#### WORK REQUEST
The pictures in the data below are to be omitted; all else must be duplicated exactly.

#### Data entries
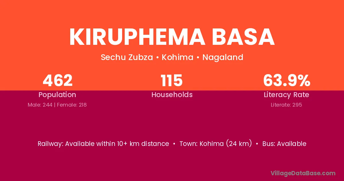 Kohima (24 km) is the nearest town to Kiruphema Basa village for major economic activities and is located approximately 24 km away.
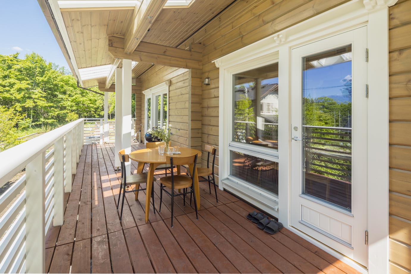 屋根付きテラスにテーブルセットをご用意しています。
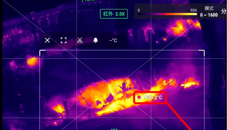 江苏某救援支队也在火场救援中使用了经纬M350+禅思H30T这套组合,更加强大的红外相机给消防指战员们留下了深刻印象。1280×1024的高分辨率红外相机监控火场更为清晰,更可看清建筑物结构结构及完整性、防范坍塌风险。大范围测温最大支持1600℃,透过垮塌的彩钢瓦屋顶也准确找到起火点位置,为灭火提供了准确依据。
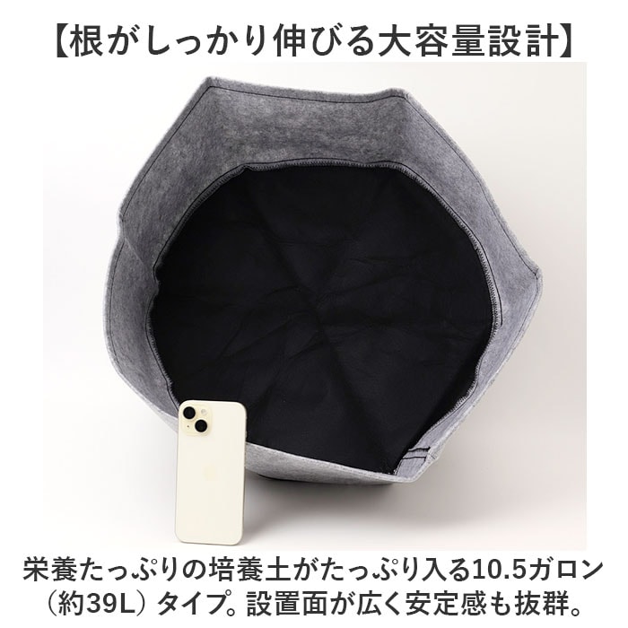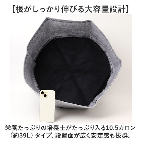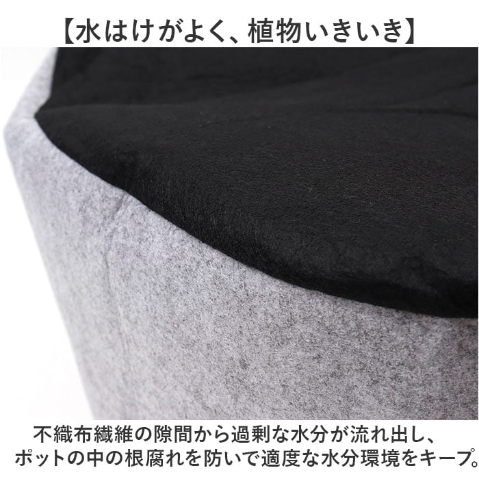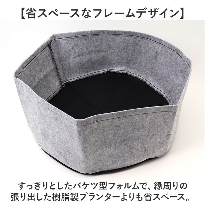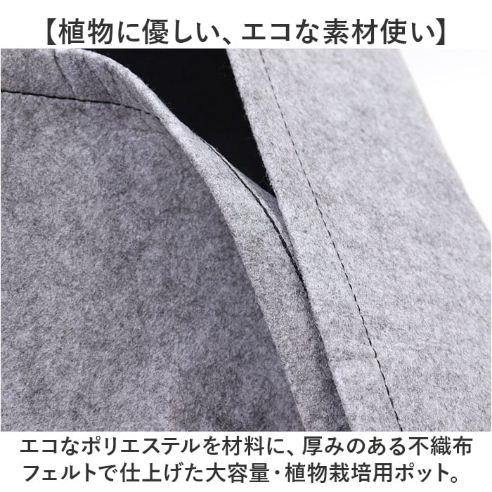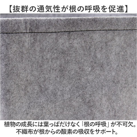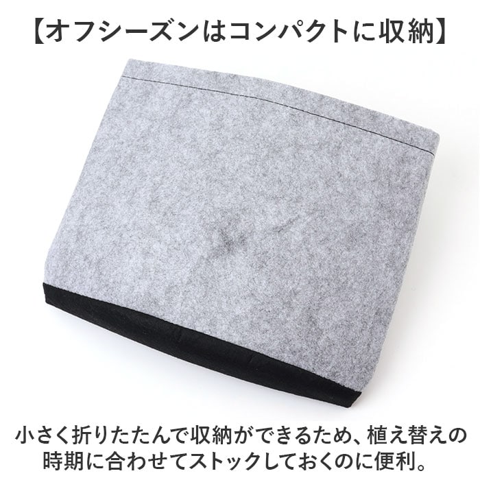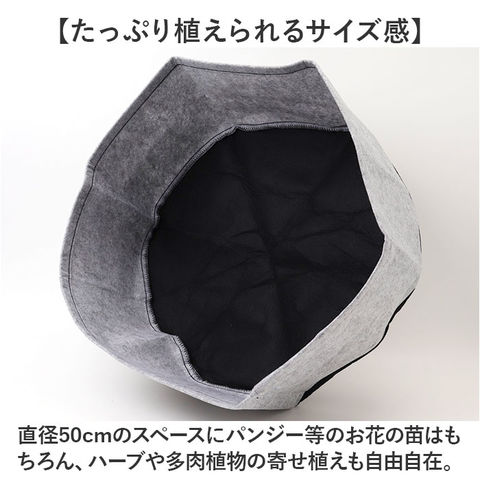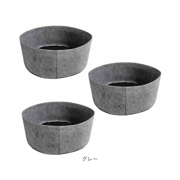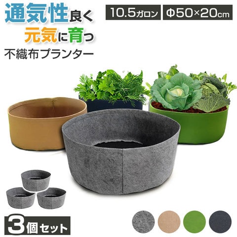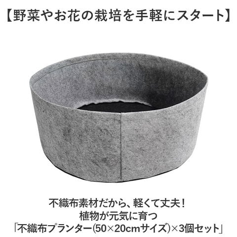 | 商品説明 | 【野菜やお花の栽培を手軽にスタート】不織布素材だから、軽くて丈夫!植物が元気に育つ「不織布プランター(50×20cmサイズ)×3個セット」【植物に優しい、エコな素材使い】エコなポリエステルを材料に、厚みのある不織布フェルトで仕上げた大容量・植物栽培用ポット。【水はけがよく、植物いきいき】不織布繊維の隙間から過剰な水分が流れ出し、ポットの中が根腐れせず適度な水分環境をキープ。【抜群の通気性が根の呼吸を促進】植物の成長には葉っぱだけなく「根の呼吸」が不可欠。不織布が根からの酸素の吸収をサポート。【省スペースなフレームデザイン】すっきりとしたバケツ型フォルムで、縁周りの張り出した樹脂製プランターよりも省スペース。【根がしっかり伸びる大容量設計】栄養たっぷりの培養土がたっぷり入る10.5ガロン(約39L)タイプ。設置面が広く安定感も抜群。【たっぷり植えられるサイズ感】直径50cmのスペースにパンジー等のお花の苗はもちろん、ハーブや多肉植物の寄せ植えも自由自在。【あこがれの家庭菜園を手軽に実現】トマトや葉物野菜などの苗を植えて、お庭やベランダでミニ家庭菜園を楽しみたい方にもオススメ。【オフシーズンはコンパクトに収納】小さく折りたたんで収納ができるため、植え替えの時期に合わせてストックしておくのに便利。【使い終わるまで、環境に優しい】樹脂製ポットよりも環境負荷の小さなエコプロダクト!使い終わったら可燃ゴミとして処分が可能。【緑のある暮らしを素敵に楽しむ】底面は泥汚れの目立たない黒色で統一。植物のグリーンが引き立つシンプルカラーをラインナップ。 |
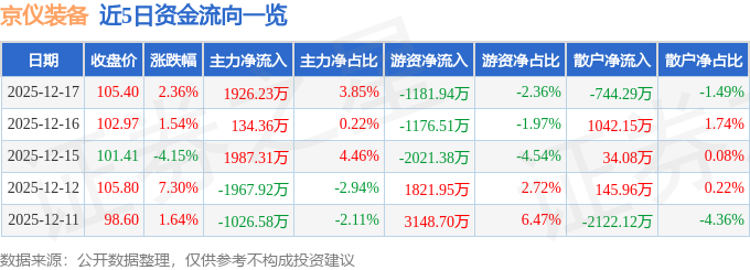 证券之星消息,截至2025年12月17日收盘,京仪装备(688652)报收于105.4元,上涨2.36%,换手率4.05%,成交量4.89万手,成交额5.0亿元。
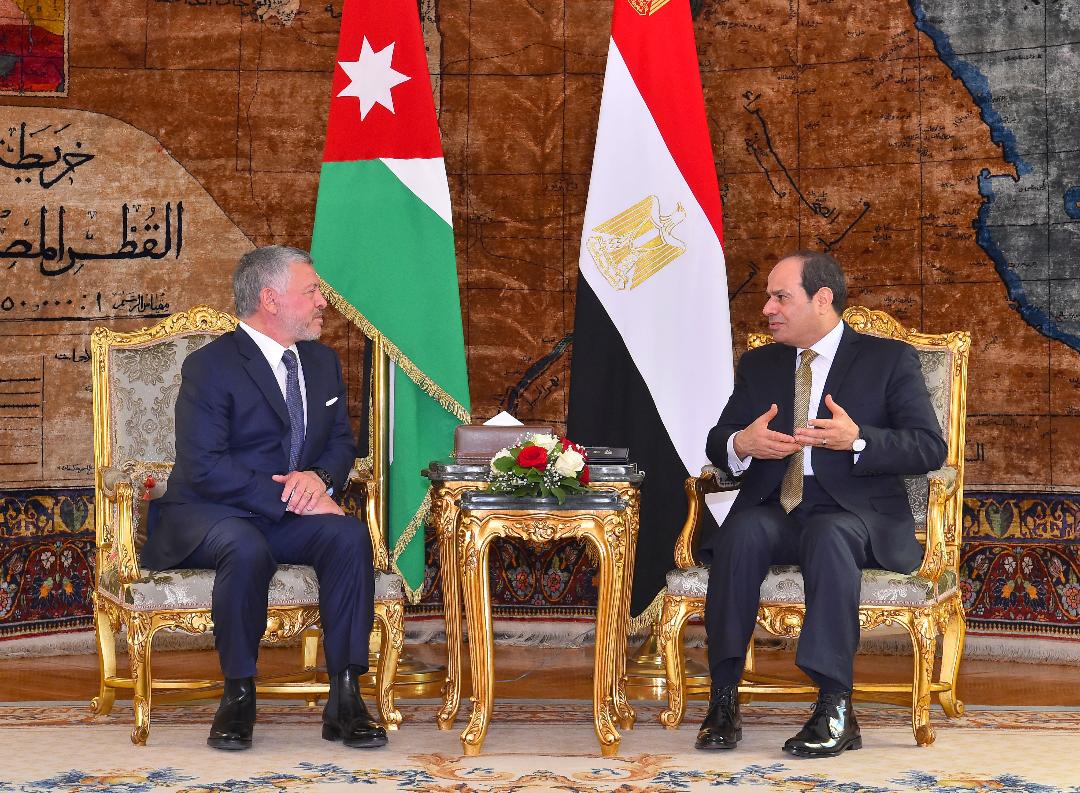 ومن جانبه، أكد العاهل الأردني اعتزاز بلاده بالعلاقات التاريخية والأخوية التي تجمع بين البلدين والشعبين الشقيقين، مشيدًا بالمستوى المتميز للعلاقات الثنائية بين مصر والأردن، ومعربًا عن الحرص على مواصلة توسيع التعاون في مختلف المجالات خصوصًا الاقتصادية والتجارية والاستثمارية، وكذا مواصلة التنسيق والتشاور إزاء مختلف القضايا ذات الاهتمام المشترك، بما يحقق مصالح البلدين ويعزز العمل العربي المشترك.
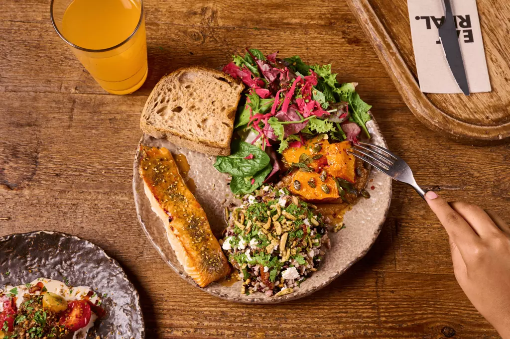 Nuestra comida es de verdad: está hecha en casa todos los días con productos genuinos y sin procesar. Sin conservantes artificiales, ni azúcares refinados, y orgánicos siempre que podemos. Nos gusta comer comida de origen local y responsable, apoyando a los agricultores, proveedores y artesanos cercanos que utilizan métodos sostenibles. Respetamos todas las dietas y ofrecemos varios platos sin gluten, vegetarianos, plant-based y keto.
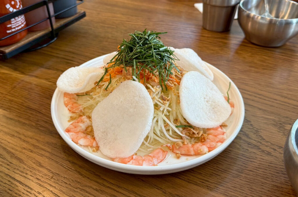 青パパイヤのサラダって普段は全く食べないけど、東南アジア料理で食べると美味しいなぁっていつも思う。シャキシャキ爽やかで、他の野菜に例えられないオリジナル感がある。
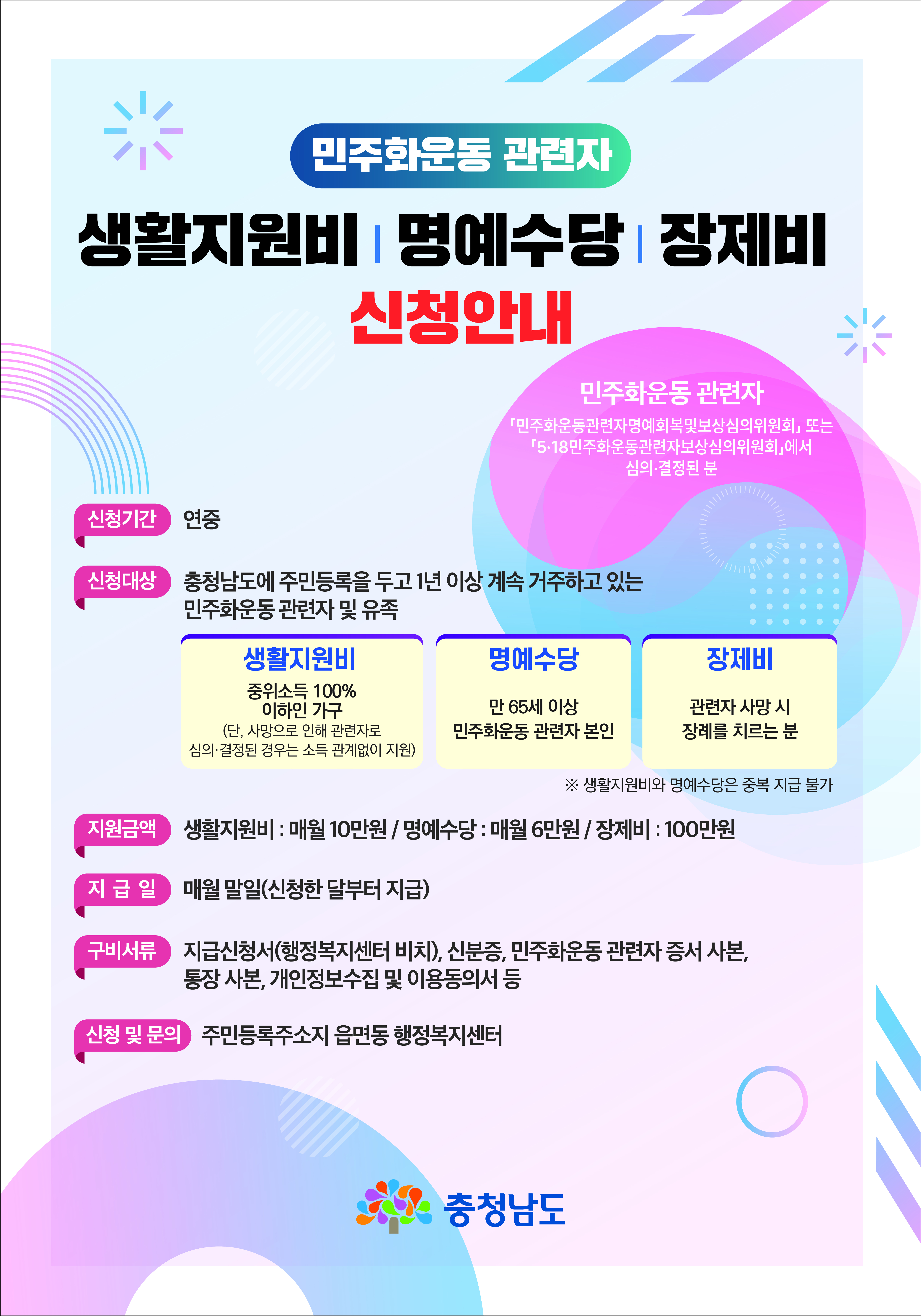 | 872 | 민주화운동 관련자 생활지원비ㆍ명예수당ㆍ장제비 지원사업 홍보 | 신풍면 | 22 | 2023-02-15 | 포스터.jpg |

#### EXPECTED OUTPUT
 Kohima (24 km) is the nearest town to Kiruphema Basa village for major economic activities and is located approximately 24 km away.
 屋根付きテラスにテーブルセットをご用意しています。
 江苏某救援支队也在火场救援中使用了经纬M350+禅思H30T这套组合,更加强大的红外相机给消防指战员们留下了深刻印象。1280×1024的高分辨率红外相机监控火场更为清晰,更可看清建筑物结构结构及完整性、防范坍塌风险。大范围测温最大支持1600℃,透过垮塌的彩钢瓦屋顶也准确找到起火点位置,为灭火提供了准确依据。
 | 商品説明 | 【野菜やお花の栽培を手軽にスタート】不織布素材だから、軽くて丈夫!植物が元気に育つ「不織布プランター(50×20cmサイズ)×3個セット」【植物に優しい、エコな素材使い】エコなポリエステルを材料に、厚みのある不織布フェルトで仕上げた大容量・植物栽培用ポット。【水はけがよく、植物いきいき】不織布繊維の隙間から過剰な水分が流れ出し、ポットの中が根腐れせず適度な水分環境をキープ。【抜群の通気性が根の呼吸を促進】植物の成長には葉っぱだけなく「根の呼吸」が不可欠。不織布が根からの酸素の吸収をサポート。【省スペースなフレームデザイン】すっきりとしたバケツ型フォルムで、縁周りの張り出した樹脂製プランターよりも省スペース。【根がしっかり伸びる大容量設計】栄養たっぷりの培養土がたっぷり入る10.5ガロン(約39L)タイプ。設置面が広く安定感も抜群。【たっぷり植えられるサイズ感】直径50cmのスペースにパンジー等のお花の苗はもちろん、ハーブや多肉植物の寄せ植えも自由自在。【あこがれの家庭菜園を手軽に実現】トマトや葉物野菜などの苗を植えて、お庭やベランダでミニ家庭菜園を楽しみたい方にもオススメ。【オフシーズンはコンパクトに収納】小さく折りたたんで収納ができるため、植え替えの時期に合わせてストックしておくのに便利。【使い終わるまで、環境に優しい】樹脂製ポットよりも環境負荷の小さなエコプロダクト!使い終わったら可燃ゴミとして処分が可能。【緑のある暮らしを素敵に楽しむ】底面は泥汚れの目立たない黒色で統一。植物のグリーンが引き立つシンプルカラーをラインナップ。 |
 证券之星消息,截至2025年12月17日收盘,京仪装备(688652)报收于105.4元,上涨2.36%,换手率4.05%,成交量4.89万手,成交额5.0亿元。
 ومن جانبه، أكد العاهل الأردني اعتزاز بلاده بالعلاقات التاريخية والأخوية التي تجمع بين البلدين والشعبين الشقيقين، مشيدًا بالمستوى المتميز للعلاقات الثنائية بين مصر والأردن، ومعربًا عن الحرص على مواصلة توسيع التعاون في مختلف المجالات خصوصًا الاقتصادية والتجارية والاستثمارية، وكذا مواصلة التنسيق والتشاور إزاء مختلف القضايا ذات الاهتمام المشترك، بما يحقق مصالح البلدين ويعزز العمل العربي المشترك.
 Nuestra comida es de verdad: está hecha en casa todos los días con productos genuinos y sin procesar. Sin conservantes artificiales, ni azúcares refinados, y orgánicos siempre que podemos. Nos gusta comer comida de origen local y responsable, apoyando a los agricultores, proveedores y artesanos cercanos que utilizan métodos sostenibles. Respetamos todas las dietas y ofrecemos varios platos sin gluten, vegetarianos, plant-based y keto.
 青パパイヤのサラダって普段は全く食べないけど、東南アジア料理で食べると美味しいなぁっていつも思う。シャキシャキ爽やかで、他の野菜に例えられないオリジナル感がある。
 | 872 | 민주화운동 관련자 생활지원비ㆍ명예수당ㆍ장제비 지원사업 홍보 | 신풍면 | 22 | 2023-02-15 | 포스터.jpg |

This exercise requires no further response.